Hintergrund: Menschen mit türkischem Migrationshintergrund sind eine wichtige Zielgruppe im Kontext von Public Health, denn sie machen einen bedeutenden Anteil an der Wohnbevölkerung Deutschlands aus und haben zudem andere Krankheitsrisiken und -ressourcen im Vergleich zur Mehrheitsbevölkerung. Als Maßnahme zur Früherkennung von Brustkrebs wird für Frauen von 50 bis 69 Jahren Mammographie-Screening angeboten. Da Mammographie-Screening jedoch neben einigen Vorteilen auch Nachteile hat, spielt die Informierte Entscheidung für oder gegen eine Teilnahme am Mammographie-Screening-Programm eine wichtige Rolle. Befunde aus Deutschland zu Teilnahmeraten türkischer Migrantinnen sowie zu den Einflussfaktoren oder der Informierten Entscheidung gibt es bislang nicht. Die theoretische Betrachtung ist ebenso defizitär.
Fragestellung und Methode: Aufgrund der mangelnden Studienlage zu teilnahmerelevanten Aspekten bei Frauen mit türkischem Migrationshintergrund in Deutschland werden Fragestellungen zur Teilnahme, deren Einflussfaktoren sowie der Informierten Entscheidung bei Frauen mit türkischem Migrationshintergrund abgeleitet. Datengrundlage bilden Routinedaten von Mammographie-Screening-Einheiten und Einwohnermeldeämtern, semi-strukturierte qualitative Interviews sowie Response- und Befragungsdaten einer Querschnitterhebung.

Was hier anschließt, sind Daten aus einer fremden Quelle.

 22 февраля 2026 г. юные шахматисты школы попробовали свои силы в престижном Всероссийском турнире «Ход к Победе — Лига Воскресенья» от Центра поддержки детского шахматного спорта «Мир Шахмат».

Verbindendes Element der verschiedenen Analysen ist die Betrachtung teilnahmerelevanter Aspekte bei Frauen mit türkischem Migrationshintergrund.

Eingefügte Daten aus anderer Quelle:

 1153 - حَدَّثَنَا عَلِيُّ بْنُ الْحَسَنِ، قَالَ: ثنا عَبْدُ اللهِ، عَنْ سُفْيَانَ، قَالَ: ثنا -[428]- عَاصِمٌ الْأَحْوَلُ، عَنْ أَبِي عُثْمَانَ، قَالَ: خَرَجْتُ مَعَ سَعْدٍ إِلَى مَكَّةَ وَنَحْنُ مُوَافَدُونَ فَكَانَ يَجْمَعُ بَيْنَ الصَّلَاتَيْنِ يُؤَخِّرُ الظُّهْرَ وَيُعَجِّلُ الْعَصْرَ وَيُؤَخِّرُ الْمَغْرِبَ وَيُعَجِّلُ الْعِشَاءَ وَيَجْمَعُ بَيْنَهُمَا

Ergebnisse: Insgesamt zeigen sich keine Unterschiede in der Teilnahmerate am Mammographie-Screening-Programm zwischen Frauen mit und ohne türkischem Migrationshintergrund. Frauen mit türkischem Migrationshintergrund treffen jedoch zu einem deutlich geringeren Anteil eine Informierte Entscheidung für oder gegen die Teilnahme am Mammographie-Screening-Programm. Neben soziodemografischen Faktoren zeigen sich vor allem die Krankheitsvorstellungen, das generelle Gesundheitsverhalten, das Einladungsverfahren, persönliche Empfehlungen sowie Barrieren als teilnahmerelevant. Zudem spielen das Wissen über Brust-krebs und Mammographie-Screening sowie die persönlichen Einstellungen eine wichtige Rolle.
Schlussfolgerungen: Die Teilnahmerate ist kein geeigneter Indikator zur Beurteilung gleicher Zugangschancen verschiedener Bevölkerungsgruppen im Rahmen des Mammographie-Screening. Vielmehr sollte die Informierte Entscheidung im Mittelpunkt stehen. Maßnahmen zur Förderung der Informierten Entscheidung sind insbesondere bei Frauen mit türkischem Migrationshintergrund dringend notwendig und sollten dabei migrationssensibel gestaltet sein.